What characters should be restricted from a Unix file name?
ValidationUnixFileValidation Problem Overview
Consider a Save As dialog with a free text entry where the user enters a file name as free text, then clicks a Save button. The software then validates the file name, and saves the file if the name is valid.
On a Unix file system, what rules should be applied in the validation such that:
- The name will not be difficult to manipulate later in terms of escaping special characters, etc.
- The rules are not so restrictive that saving a file becomes non-user-friendly.
So basically, what is the minimum set of characters that should be restricted from a Unix file name?
Validation Solutions
Solution 1 - Validation
The minimum are slash ('/') and NULL ('\0')
Solution 2 - Validation
Firstly, what you're describing is black listing. Your better option is to white list your characters, as it is easier (from a user perspective) to have characters inserted rather than taken away.

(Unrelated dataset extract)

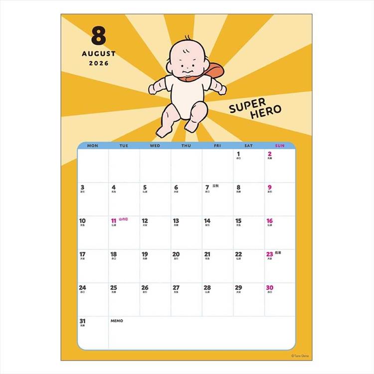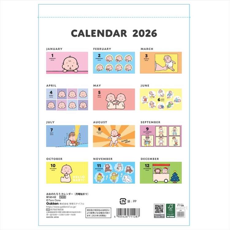 人気イラストレーター「おおのたろう」さんによる、赤ちゃんをモチーフにした2026年壁掛けカレンダーです。

In terms of what would be good in a unix environment:
- a-z
- A-Z
- 0-9
- underscore (
_
) - dash (
-
) - period (
.
)
Should cover your basics. Spaces can be okay, but make things difficult. Windows users love them, unix/linux don't. So depending on your target audience choose accordingly.
Solution 3 - Validation
Although the accepted answer might have truth I think there's a benefit to having some restrictions that could be potentially annoying for scripting or other stuff:
- forward slash (/)
- backslash (\)
- NULL (\0)
- tick (`)
- starts with a dash (-)
- star (*)
- pipes (|)
- semicolon (;)
- quotations (" or ')
- colon (:)
( - maybe space though I'm reluctant to add that.)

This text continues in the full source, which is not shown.